== SUPPLIED INFORMATION ==

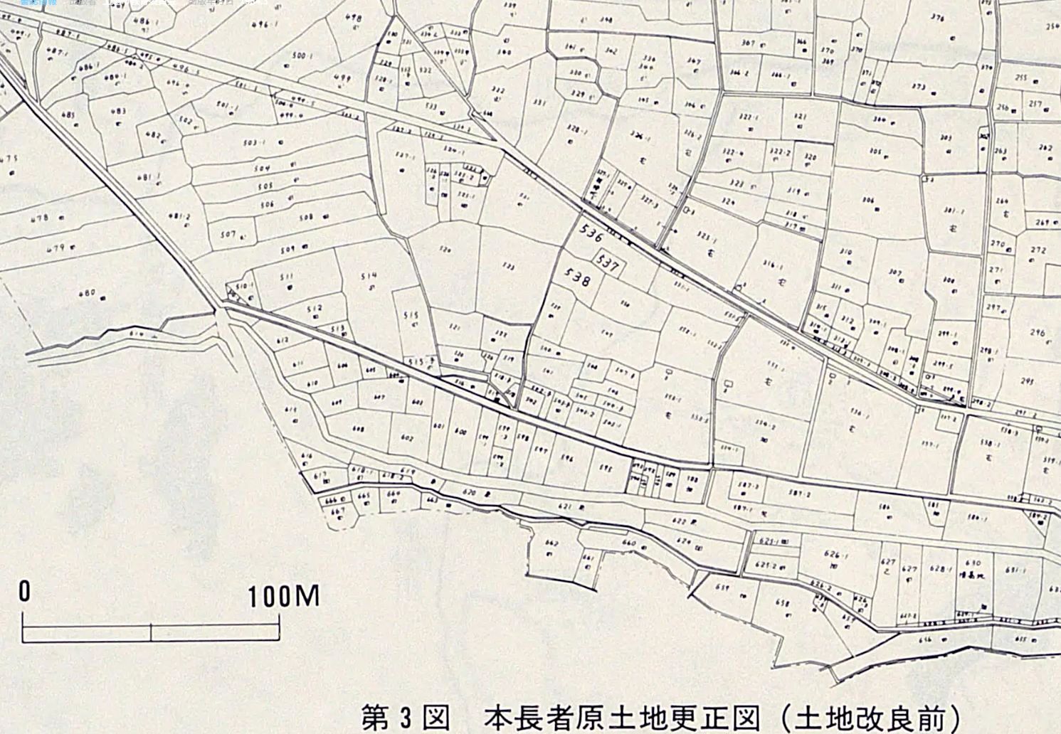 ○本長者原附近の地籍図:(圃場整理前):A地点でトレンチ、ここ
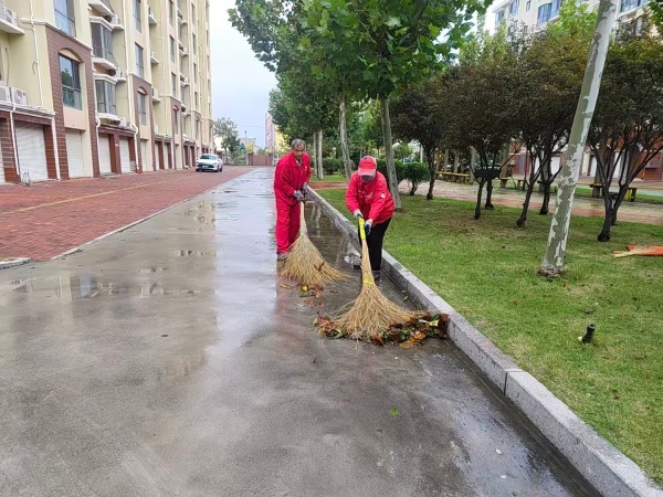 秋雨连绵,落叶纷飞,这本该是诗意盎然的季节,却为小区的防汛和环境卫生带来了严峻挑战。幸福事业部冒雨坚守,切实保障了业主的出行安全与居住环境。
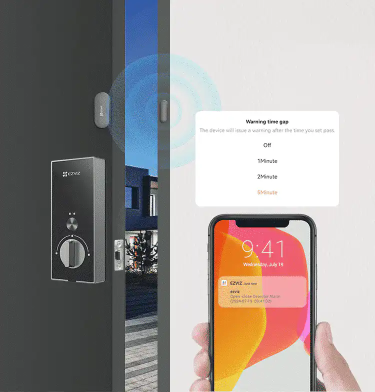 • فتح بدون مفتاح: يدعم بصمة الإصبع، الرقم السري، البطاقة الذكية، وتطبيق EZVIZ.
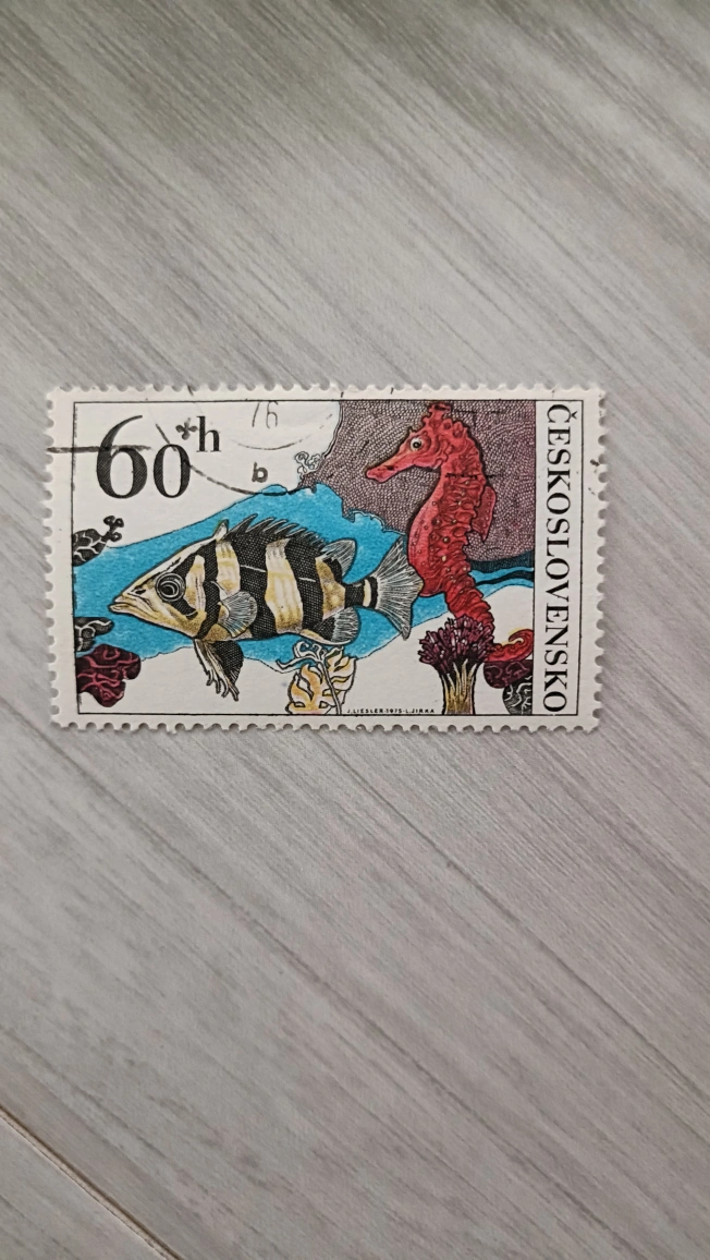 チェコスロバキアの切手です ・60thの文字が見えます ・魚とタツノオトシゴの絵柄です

===
== SUPPLIED INFORMATION ==

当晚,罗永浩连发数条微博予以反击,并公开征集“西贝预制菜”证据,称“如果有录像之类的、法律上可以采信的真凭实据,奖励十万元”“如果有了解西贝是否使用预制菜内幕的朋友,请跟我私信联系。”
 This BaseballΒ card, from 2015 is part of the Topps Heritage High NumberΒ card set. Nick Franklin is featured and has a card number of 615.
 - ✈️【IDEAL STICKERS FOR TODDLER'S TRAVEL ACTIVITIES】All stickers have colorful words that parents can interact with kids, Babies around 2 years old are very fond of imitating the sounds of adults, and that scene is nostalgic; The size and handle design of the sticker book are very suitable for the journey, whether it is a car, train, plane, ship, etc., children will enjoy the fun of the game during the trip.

===

WHAT YOU NEED TO DO => Copy out each line of the data above, exactly, if it lies between the line holding "This BaseballΒ card, from" and the line holding "- ✈️【IDEAL STICKERS", inclusive; copy no other line.

EXERCISE OUTPUT =>
 This BaseballΒ card, from 2015 is part of the Topps Heritage High NumberΒ card set. Nick Franklin is featured and has a card number of 615.
 - ✈️【IDEAL STICKERS FOR TODDLER'S TRAVEL ACTIVITIES】All stickers have colorful words that parents can interact with kids, Babies around 2 years old are very fond of imitating the sounds of adults, and that scene is nostalgic; The size and handle design of the sticker book are very suitable for the journey, whether it is a car, train, plane, ship, etc., children will enjoy the fun of the game during the trip.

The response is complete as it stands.